Drop all images. Then write out each line below exactly as given.

**Given information**:
[Start of section]

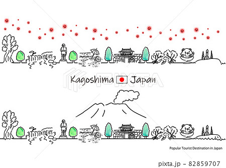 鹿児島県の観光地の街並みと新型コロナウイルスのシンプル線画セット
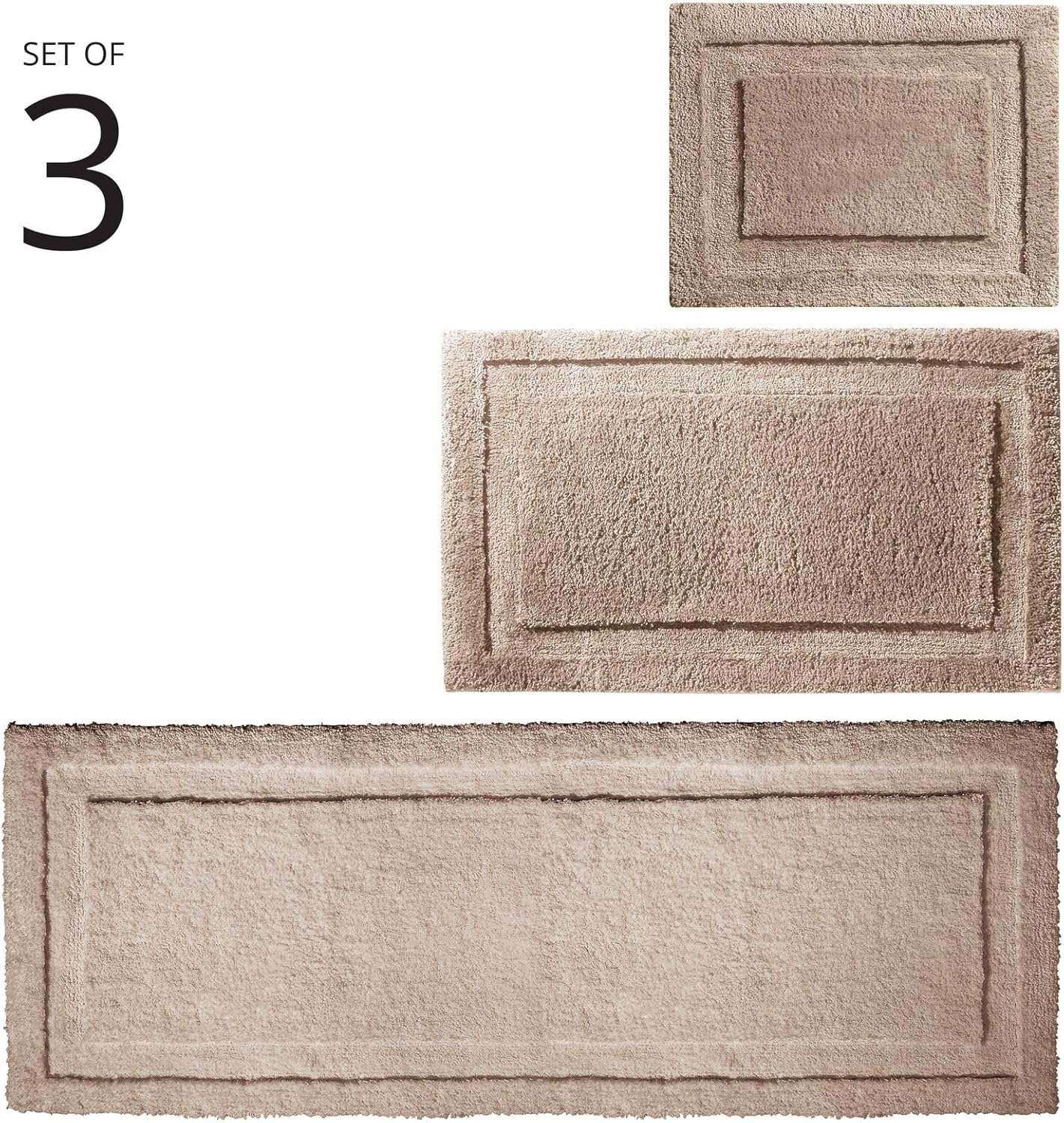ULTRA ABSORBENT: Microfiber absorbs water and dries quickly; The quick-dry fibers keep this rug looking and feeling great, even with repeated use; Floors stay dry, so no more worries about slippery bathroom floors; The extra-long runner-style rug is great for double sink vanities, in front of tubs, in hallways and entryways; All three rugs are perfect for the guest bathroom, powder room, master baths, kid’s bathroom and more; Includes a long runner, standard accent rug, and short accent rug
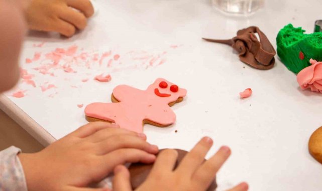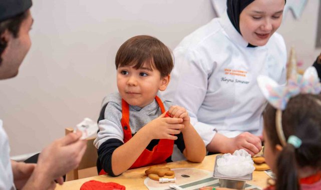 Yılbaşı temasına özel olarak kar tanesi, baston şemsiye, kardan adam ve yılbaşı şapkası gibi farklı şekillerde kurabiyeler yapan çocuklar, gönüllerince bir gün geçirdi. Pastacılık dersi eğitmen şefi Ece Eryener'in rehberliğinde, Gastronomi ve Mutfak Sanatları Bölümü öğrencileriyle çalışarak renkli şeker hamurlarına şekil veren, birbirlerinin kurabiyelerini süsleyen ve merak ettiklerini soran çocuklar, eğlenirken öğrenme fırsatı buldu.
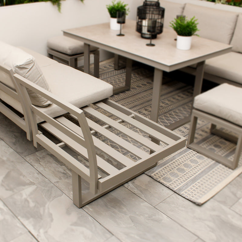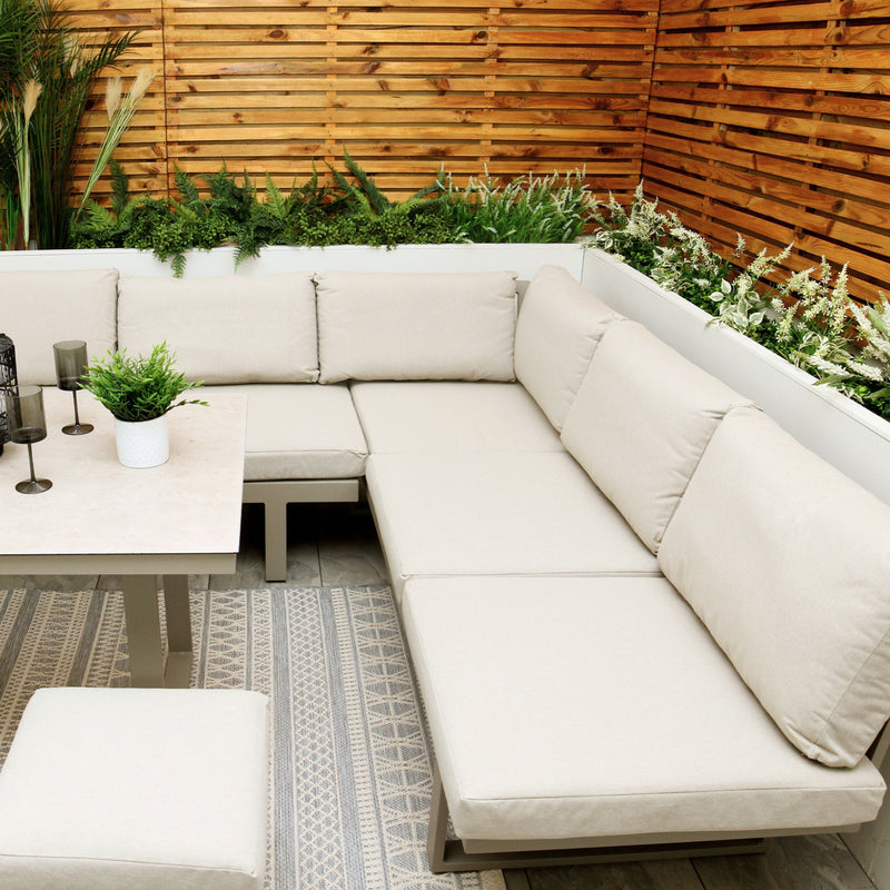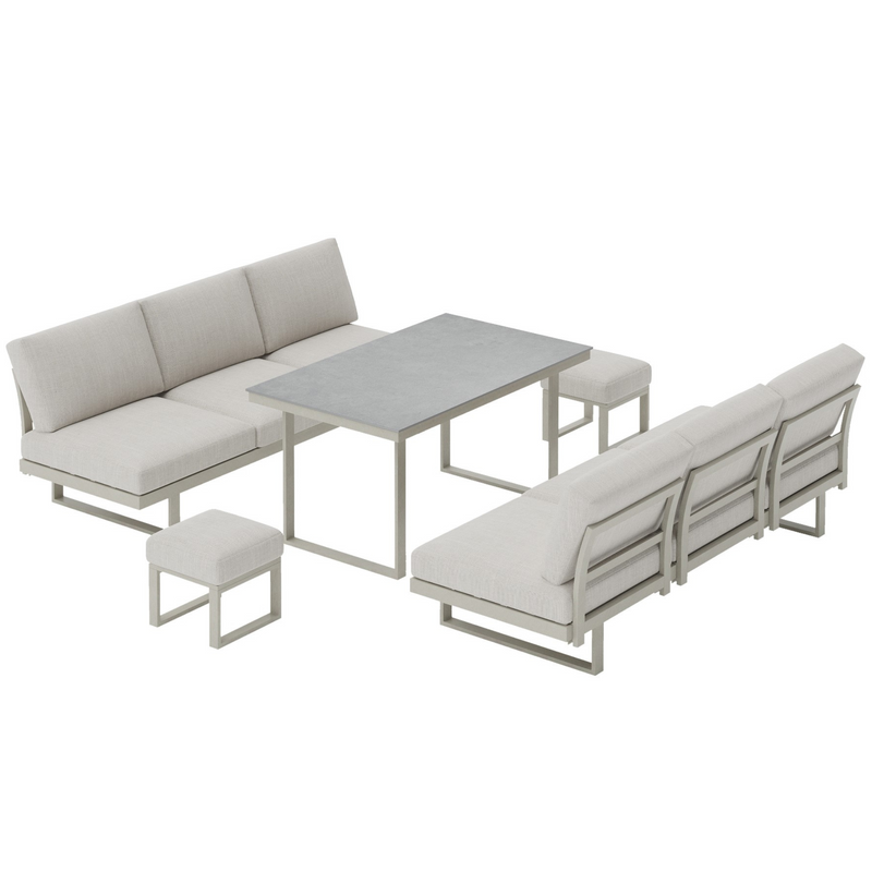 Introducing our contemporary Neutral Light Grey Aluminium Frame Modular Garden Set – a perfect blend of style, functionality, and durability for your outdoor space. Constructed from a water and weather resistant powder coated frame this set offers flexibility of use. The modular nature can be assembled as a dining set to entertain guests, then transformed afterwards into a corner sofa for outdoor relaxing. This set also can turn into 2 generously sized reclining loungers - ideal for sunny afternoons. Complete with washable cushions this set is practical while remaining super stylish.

[End of section]

**Your response**:
 鹿児島県の観光地の街並みと新型コロナウイルスのシンプル線画セット
ULTRA ABSORBENT: Microfiber absorbs water and dries quickly; The quick-dry fibers keep this rug looking and feeling great, even with repeated use; Floors stay dry, so no more worries about slippery bathroom floors; The extra-long runner-style rug is great for double sink vanities, in front of tubs, in hallways and entryways; All three rugs are perfect for the guest bathroom, powder room, master baths, kid’s bathroom and more; Includes a long runner, standard accent rug, and short accent rug
 Yılbaşı temasına özel olarak kar tanesi, baston şemsiye, kardan adam ve yılbaşı şapkası gibi farklı şekillerde kurabiyeler yapan çocuklar, gönüllerince bir gün geçirdi. Pastacılık dersi eğitmen şefi Ece Eryener'in rehberliğinde, Gastronomi ve Mutfak Sanatları Bölümü öğrencileriyle çalışarak renkli şeker hamurlarına şekil veren, birbirlerinin kurabiyelerini süsleyen ve merak ettiklerini soran çocuklar, eğlenirken öğrenme fırsatı buldu.
 Introducing our contemporary Neutral Light Grey Aluminium Frame Modular Garden Set – a perfect blend of style, functionality, and durability for your outdoor space. Constructed from a water and weather resistant powder coated frame this set offers flexibility of use. The modular nature can be assembled as a dining set to entertain guests, then transformed afterwards into a corner sofa for outdoor relaxing. This set also can turn into 2 generously sized reclining loungers - ideal for sunny afternoons. Complete with washable cushions this set is practical while remaining super stylish.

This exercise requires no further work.